Finalement, en précisant que la justification des principes de justice ne relève pas de l’épistémologie, qui a pour lui à voir avec la recherche de leur fondement rationnel, Rawls avoue l’irréductibilité des valeurs à tout calcul utilitaire. Tout savoir sur le juste prétendant à une objectivité expurgée de jugements de valeurs, en le déduisant d’un calcul rationnel, repose donc sur une norme qu’il ignore : voilà l’un des enseignements théoriques que l’on peut tirer de l’étude de l’histoire de la pensée de Rawls. Plutôt que de se recouvrir lui-même d’un voile d’ignorance, Rawls assume finalement la norme sur laquelle reposent ses principes de justice, en restreignant la validité de ses principes au contexte d’émergence du sens de la justice d’une personne libre et égale, puis de « l’idéal politique libéral », i.e. de l’idéal démocratique moderne.

DE RAWLS A MAUSS [24]

« Tout compte fait », la justification des principes aurait dû reposer sur la justification de cet idéal. Mais en 1971, considérant l’intérêt aux biens premiers comme le terme hiérarchiquement supérieur du choix des principes de justice, Rawls ne s’est pas posé la question de la légitimité de cette « conception particulière du bien » (d’autant qu’elle est supposée être ignorée par les individus… et qu’elle l’est finalement par Rawls lui-même dans sa construction théorique). En 1980, pour échapper à l’impossibilité de déduire les principes de justice d’une raison calculatrice et utilitaire, il renverse la hiérarchie des termes du choix des principes (tout en conservant l’idée originelle que les individus sont des calculateurs intéressés). Il les dote prioritairement des intuitions morales de citoyens des démocraties occidentales modernes, qu’il dérive en 1985 d’un idéal démocratique. Par construction, les principes émanent désormais prioritairement d’une certain sens de la justice spontané des individus « sous voile d’ignorance », puis de leur intérêt pour l’idéal politique libéral, pour un idéal démocratique.

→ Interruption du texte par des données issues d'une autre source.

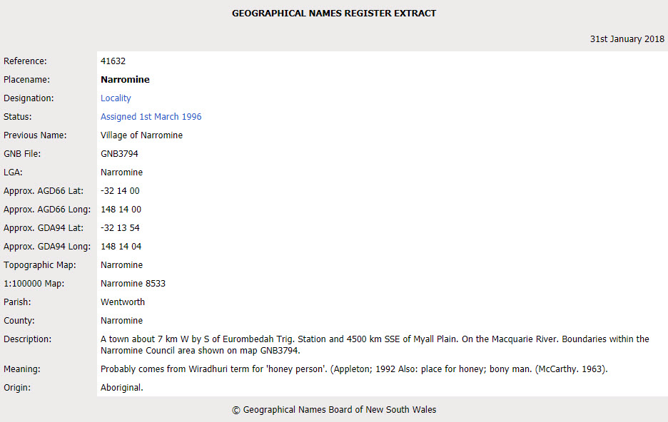 ![Snapshot from the website for Geographical Names Board of New South Wales. While not confirmed, it is believed to be a Wiradhuri [sic] term for "honey person". Source: Geographical Names Board of New South Wales website](https://historyparkes.org/wp-content/uploads/2018/01/gnb-for-narromine.jpg?w=784&h=496)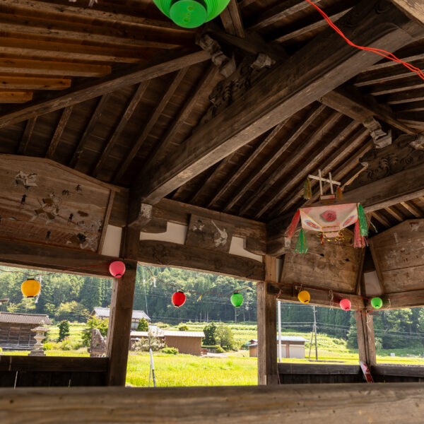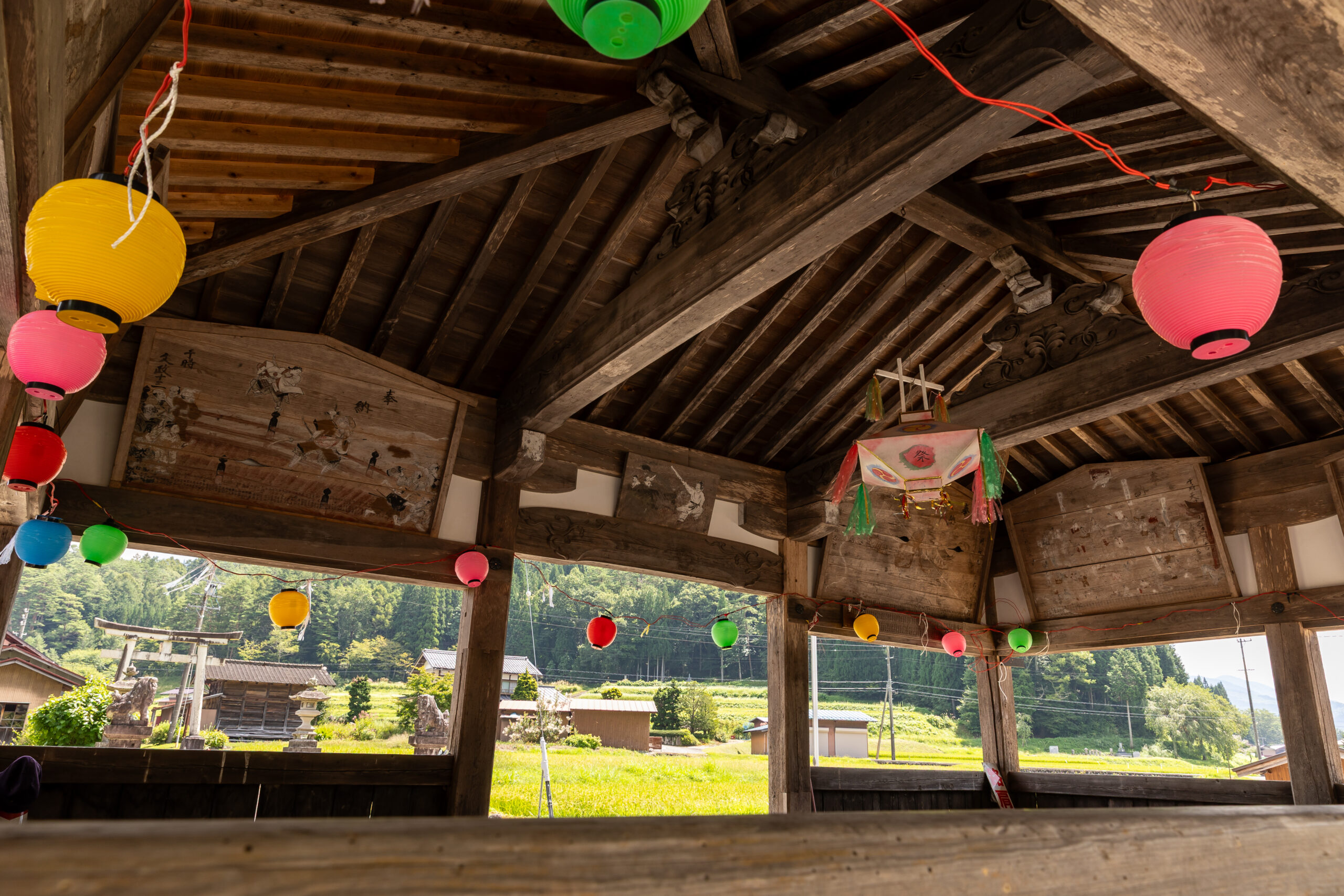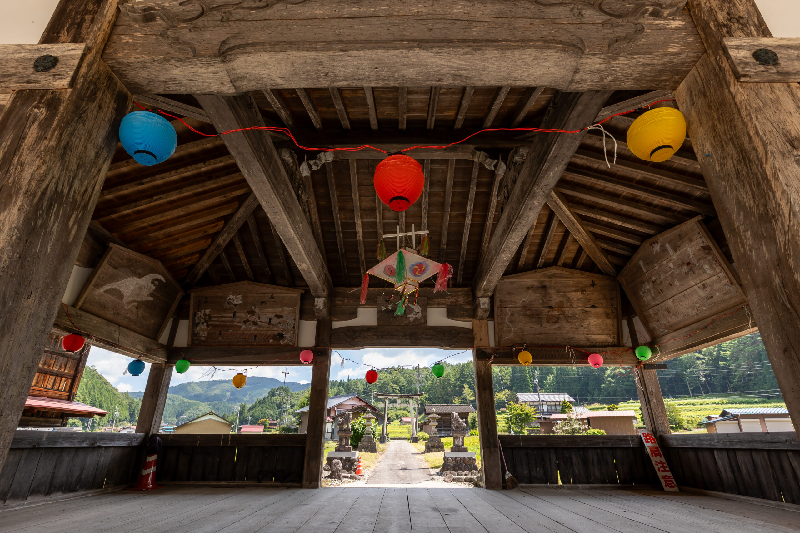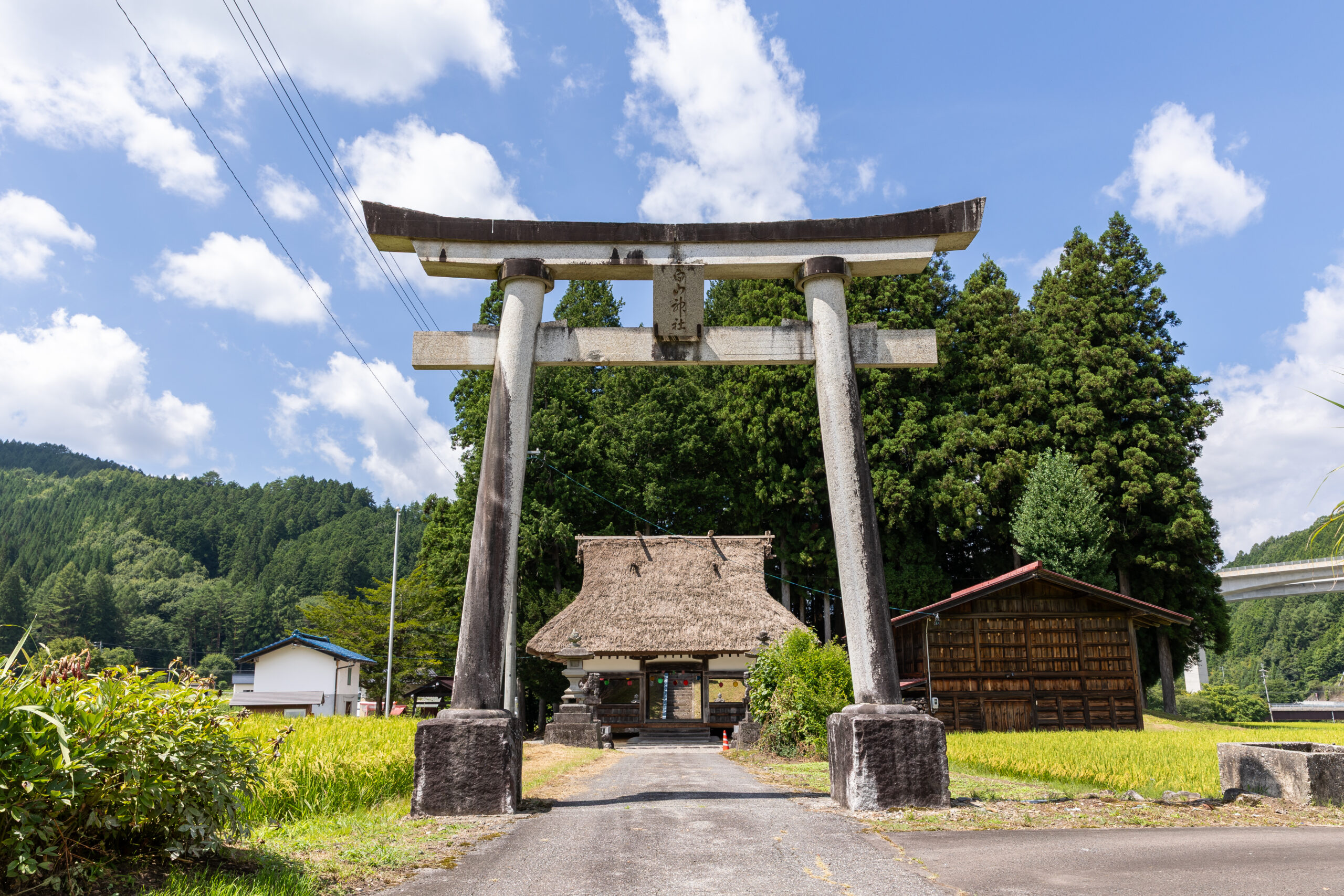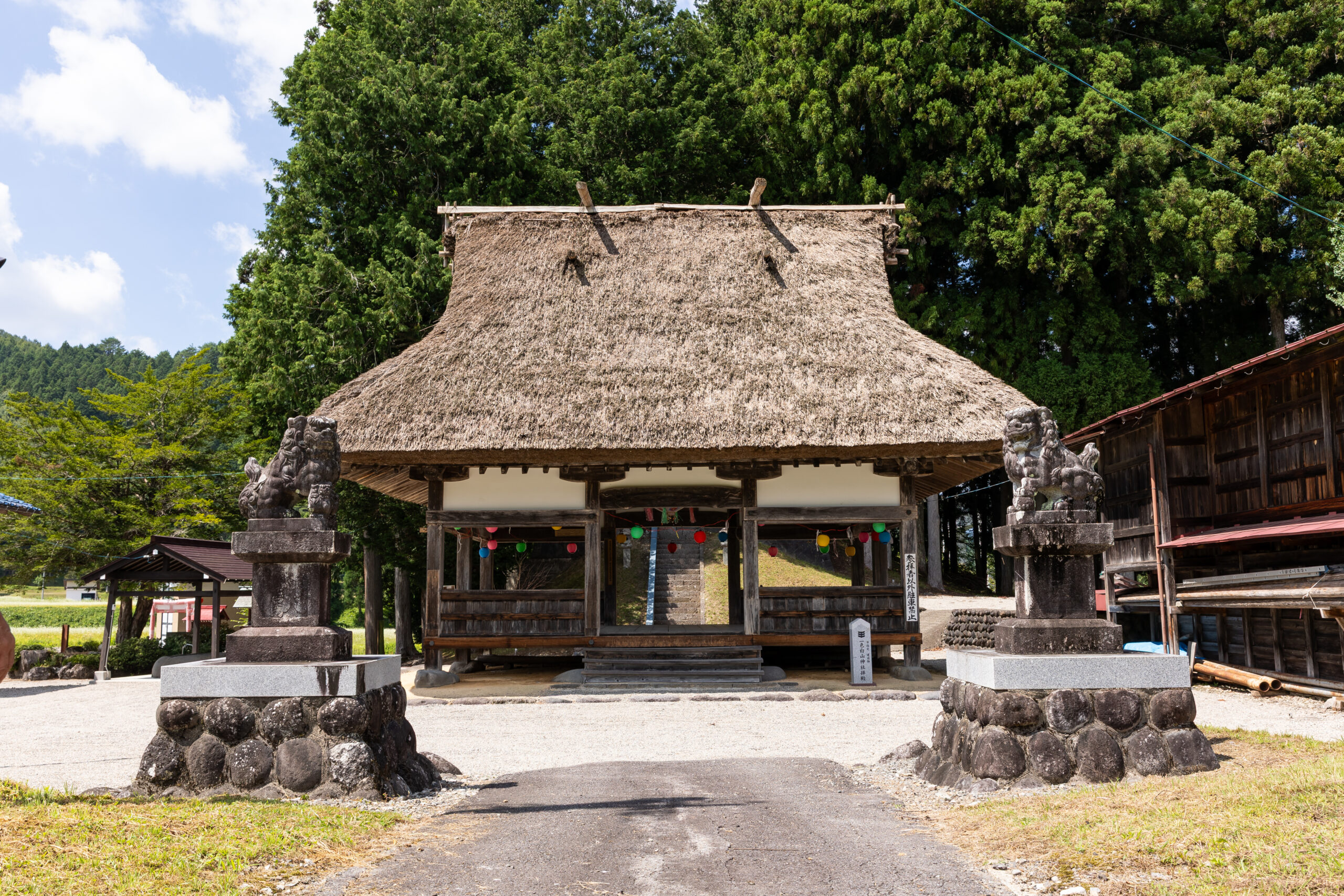 古くから白山信仰が根付く荘川地域に7社ある白山神社の一つです。安永4年(1775年)9月に造営された入母屋茅葺き屋根の古い建築様式の拝殿は、高山市の有形民俗文化財にも指定されています。四方が吹き抜けになっていて、緑豊かな山々と稲田の広がる長閑な山村風景の中に溶け込む姿に、風情豊かな趣を感じられます。

Etrange théorie de la justice qui considère la démocratie comme la condition, le moyen du juste, lui qui relève d’une théorie successivement utilitariste, intuitionniste et perfectionniste ! Ne pourrait-on pas plutôt penser que la confrontation des différentes théories de la justice est la « condition » de toute société démocratique (au sens où la pluralité est la condition de l’homme, comme le souligne Arendt [1994]) ? ; et que la justification de l’idéal politique libéral se trouve dans la pluralité conflictuelle des fins ultimes, constitutive de toute société démocratique ? Enfin, depuis 1971, Rawls conçoit la constitution d’une société comme le résultat du choix, par des individus non encore socialisés, de l’accord contractuel sur les principes de justice. Or, en faisant émerger les principes de justice d’abord des intuitions morales de démocrates occidentaux, il concède dès 1980 que ce choix est celui d’individus déjà socialisés. Son attachement au contractualisme le condamne donc à ne rien pouvoir dire sur la manière dont ils se sont constitués en société. Etrange justification politique d’une théorie qui ne parvient pas à penser le moment proprement politique de la constitution de la société… Au lieu de rechercher en vain dans un principe de moralité le fondement de l’association contractuelle des individus, i.e. de considérer finalement que les individus sont moraux avant d’être sociaux, ne pourrait-on pas considérer qu’il ne peut y avoir d’individus moraux que sociaux, et rechercher la genèse du « sentiment moral » dans le « principe » du lien social. (Voilà comment en renversant le questionnement de Rawls on peut déboucher sur un questionnement maussien. Et qui sait, peut-être y trouverons-nous la source de nos aspirations démocratiques qui sera restée un mystère pour Rawls ? [25]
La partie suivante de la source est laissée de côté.